DIRECTIONS:
Please give every line below again exactly, but not its pictures.

DATA SEGMENT:
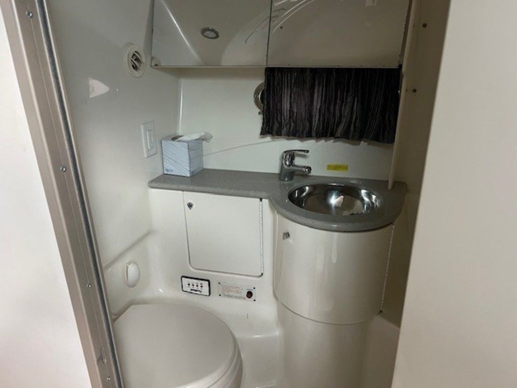 The enclosed head compartment is equipped with a vacuum-flush toilet, a sink with a pull-out shower wand, and a mirrored vanity. The fiberglass-lined interior ensures durability and easy maintenance, while the overhead lighting adds brightness to the space.
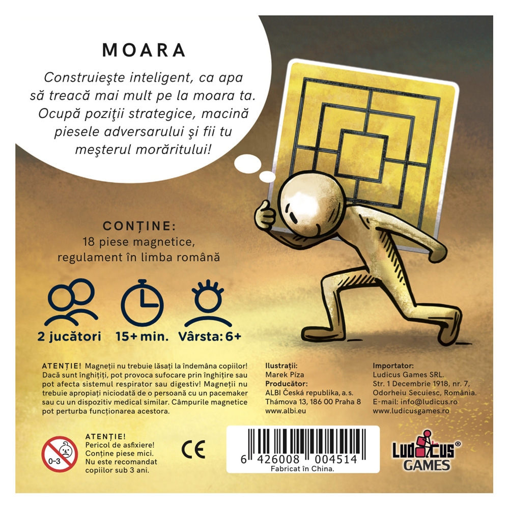 Construieste inteligent, ca apa sa treaca mai mult pe la moara ta. Ocupa pozitii strategice, macina piesele adversarului si fii tu mesterul moraritului! Jocul Moara, magnetic este un joc care stimuleaza atentia, memoria, dar si imaginatia, iar acum vine cu un design revizuit si atractiv. Reguli simple pentru jocuri portabile, in cutii metalice
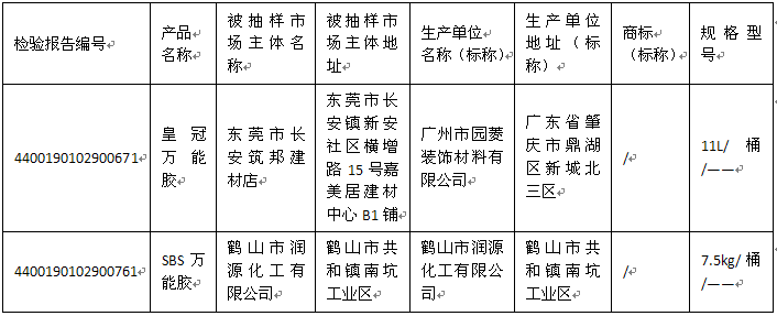 本次共对69家企业生产的80款胶粘剂产品开展了监督抽查,涉及我省广州、深圳、珠海、佛山、韶关、惠州、东莞、中山、江门、肇庆等10个地市以及广西、江苏、上海等3个省(自治区、直辖市)。经检验,发现4家企业生产的4款产品不合格。不合格项目主要有“游离甲醛”“二氯甲烷”“总卤代烃(含1,2-二氯乙烷、二氯甲烷、1,1,1-三氯乙烷、1,1,2-三氯乙烷)”等。
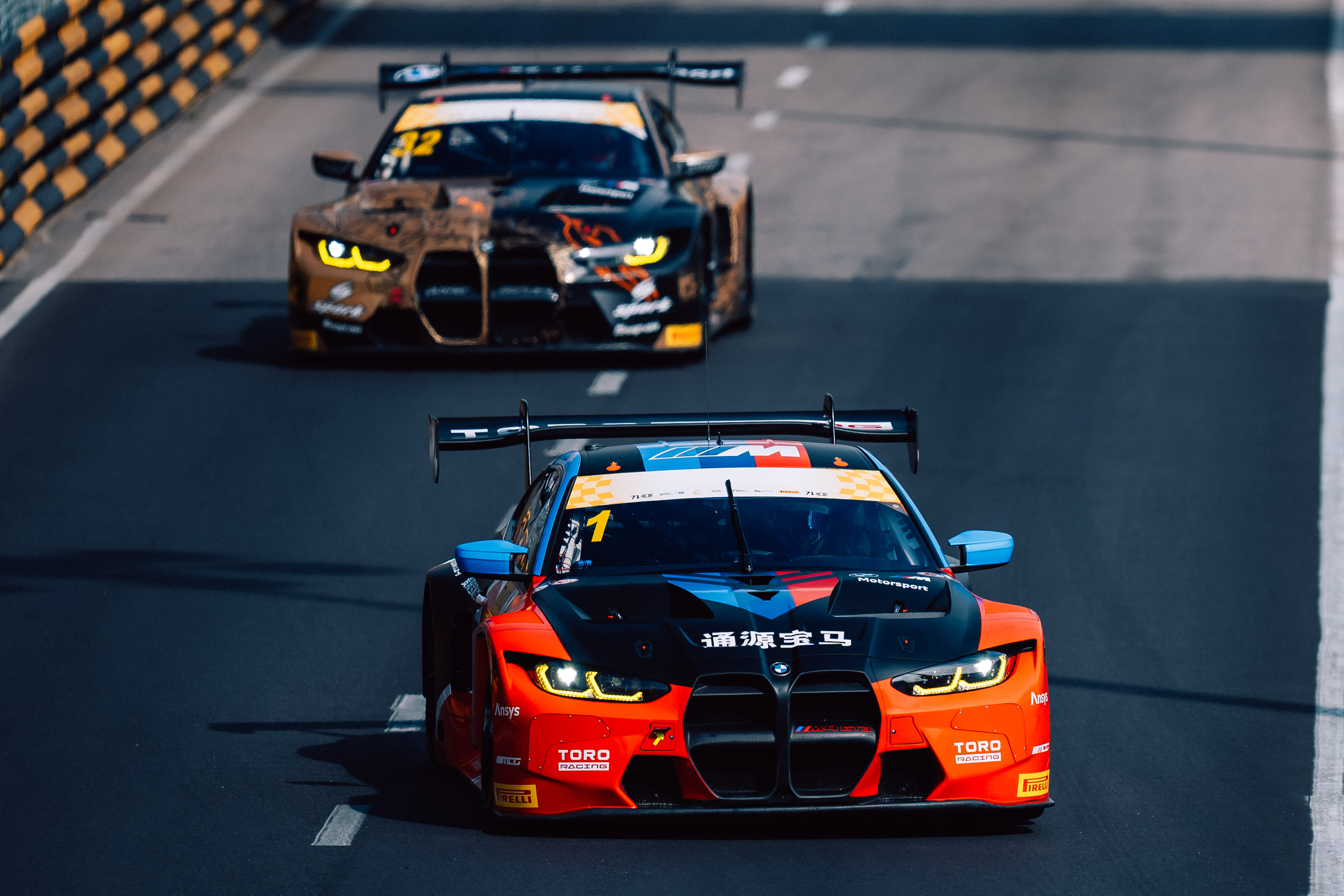 Macau (CHN), 13-17 November 2024. FIA GT World Cup, Guia Circuit, #1 BMW M4 GT3, TORO Racing powered by MCG, Raffaele Marciello, #32 BMW M4 GT3, Team WRT, Dries Vanthoor.

RESULT FOR THIS TASK:
 The enclosed head compartment is equipped with a vacuum-flush toilet, a sink with a pull-out shower wand, and a mirrored vanity. The fiberglass-lined interior ensures durability and easy maintenance, while the overhead lighting adds brightness to the space.
 Construieste inteligent, ca apa sa treaca mai mult pe la moara ta. Ocupa pozitii strategice, macina piesele adversarului si fii tu mesterul moraritului! Jocul Moara, magnetic este un joc care stimuleaza atentia, memoria, dar si imaginatia, iar acum vine cu un design revizuit si atractiv. Reguli simple pentru jocuri portabile, in cutii metalice
 本次共对69家企业生产的80款胶粘剂产品开展了监督抽查,涉及我省广州、深圳、珠海、佛山、韶关、惠州、东莞、中山、江门、肇庆等10个地市以及广西、江苏、上海等3个省(自治区、直辖市)。经检验,发现4家企业生产的4款产品不合格。不合格项目主要有“游离甲醛”“二氯甲烷”“总卤代烃(含1,2-二氯乙烷、二氯甲烷、1,1,1-三氯乙烷、1,1,2-三氯乙烷)”等。
 Macau (CHN), 13-17 November 2024. FIA GT World Cup, Guia Circuit, #1 BMW M4 GT3, TORO Racing powered by MCG, Raffaele Marciello, #32 BMW M4 GT3, Team WRT, Dries Vanthoor.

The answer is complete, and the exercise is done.